I wake up, glad that it not the end of the world, but the dream-remnants are still rattling about in my head, and I start to worry because what if I had to start fishing for my food and the river here is full of pike and what's that trick again that my dad taught me--I haven't cleaned a fish in nearly two years now, what if I forget... And I feel a wave of anxiety, not so much about the nonexistent cataclysm that would test my skills, but because I am terrified of forgetting what he has taught me. So I look it up on YouTube--how to filet bony fish--and begin the day looking at fish guts. It reminds me of my dad, of catching my first fish, a jackfish in Thunder Lake, and the sour-weedy smell of blood and viscera in the fish-cleaning stand, the grit on my knees in the bottom of a canoe. It's strangely calming, because of the memories, and because I instantly remember what to do as soon as the first cuts are made. And then I think a bit more about survivalism, and remember just how much my dad has taught me. 

This knowledge--of how to survive in the bush--is deeply important to me, and so incredibly valuable. Not necessarily because I'm waiting for a societal collapse, but because I strongly believe that the skills he has passed on to me are something that everyone should have. My dad, who grew up basically outside, supported that too, developing the first outdoor education program in the city when he first taught junior high in the early 1970s. He taught those kids what he later passed on to his own children. He took kids winter camping, taught them to ice fish and build a kwinzhee, introduced them to wilderness first aid, built canoes in the summer and showed them how to use a compass, read topographical maps, identify edible plants and learn their uses. They made fires with flint and even a bow-drill. Those kids could probably make it a few days at least, if they had to.

And I start wondering how many of those children he taught had children, and if they ever passed along any of the knowledge he imparted to them. I think of the kids now at the school where he taught, where they still have something like outdoor education but it's all focused on the sporty-ness of outdoor activities, and very little on learning how to live in the bush. Those kids there, at the school where my mother still teaches, could they name ten plants that grow around them? Would they know what to do with them?

(Or, says the curmudgeonly old woman in me, are they glued to their stupid phones and don't realize that if civilization collapses, so does wi-fi? And that you can't just look something up on wikipedia or youtube if you're stranded on a mountain somewhere? And even barring disaster, how do people live in a place and not know, or desire to be aware, of what else is living and growing around them?) 

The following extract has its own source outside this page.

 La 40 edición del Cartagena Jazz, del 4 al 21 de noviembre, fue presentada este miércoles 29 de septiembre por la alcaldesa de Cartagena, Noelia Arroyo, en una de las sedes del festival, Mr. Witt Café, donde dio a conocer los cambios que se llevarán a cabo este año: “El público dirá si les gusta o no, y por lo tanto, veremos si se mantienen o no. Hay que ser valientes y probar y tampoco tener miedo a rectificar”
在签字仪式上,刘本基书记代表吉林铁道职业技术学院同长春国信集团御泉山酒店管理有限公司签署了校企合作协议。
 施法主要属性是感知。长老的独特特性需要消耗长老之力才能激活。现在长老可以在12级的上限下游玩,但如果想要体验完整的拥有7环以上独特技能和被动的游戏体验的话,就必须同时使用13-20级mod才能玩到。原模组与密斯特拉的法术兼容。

It hurts my heart, I admit, that this knowledge is no longer esteemed. I strongly believe that alongside all the digital technology skills we should be taking kids outside in school and teaching them to plant a garden and build a fire and catch a fish and dig medicinal roots-- both for a deeper appreciation of the land but also for their own well-being. I am incredibly lucky that I had my father teach me so much over the course of my entire life, and instill in me an early value system that focuses on these types of skills.  Even my sister, who does not like to camp anymore at all, can still identify a yarrow plant, and could (if in dire need) chew it up to activate the clotting agents, and heal a cut. 

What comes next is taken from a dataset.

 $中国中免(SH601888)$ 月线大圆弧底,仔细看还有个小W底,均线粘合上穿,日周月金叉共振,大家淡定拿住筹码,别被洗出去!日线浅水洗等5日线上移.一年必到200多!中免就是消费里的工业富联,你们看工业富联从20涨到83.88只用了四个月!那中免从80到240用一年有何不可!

Despite my overactive dreaming-mind, I'm not anticipating an apocalypse, or planning for one. But I can't say that I don't feel a certain peace knowing that I could take care of myself, and others, in the forest if I had to, and a deep gratitude and closeness to my dad for teaching me all he knew about the land. And right now I really feel I need to pass that on,  all of the things he taught, because that ensures his continuing survival, too.